2006/9/2

いつかA列車に乗って(’03)  日本

「四季の歌」やテレサ・テンの「つぐない」等で知られる作詞家荒木とよひさの初監督作品。「たそがれ酒場」(’55内田吐夢監督)という作品のリメイクらしく、あるジャズ・バーでの一晩の人間模様をジャズ演奏をバックに描いた渋めの作品。

常連客、筆を折った画家役の津川雅彦が、まさにこの店を知る”影の重鎮”らしい熟練味。
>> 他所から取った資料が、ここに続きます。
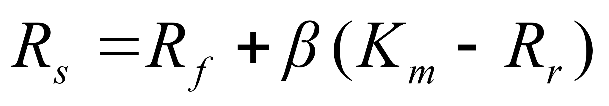 де Rf — безпечна ставка дохідності (звичайно це дохідність за державними короткотерміновими зобов'язаннями); Кm — дохідність ринку (установлюється за допомогою фондових індексів); β — коефіцієнт, який характеризує реакцію (чутливість) акцій на зміну ринкової ситуації;

「下弦の月」以来見かけた栗山千明が英語の話せるやや訳ありの店員役、小林桂樹らも脇を固める存在感が。

作曲家三木たかしがピアニスト役の他、熟練ジャズ奏者達が出演、「A列車で行こう」「サマータイム」といったスタンダードの演奏、実際音大出身の加藤大治郎演じる店員が、自分のオリジナルという設定でサックス演奏する憂いあるテーマ曲、宝塚出身の真矢みきのソフトなボーカル等聴き応えも。

「A列車・・」はそもそも阿川泰子版等での馴染みで、最近映画で聞いたのは「スウィングガールズ」達の素朴な音色の演奏。この作品の根底の”同じ列車に乗り合わせた(店に居合わせた)人々”の含みもあってのタイトルのようで。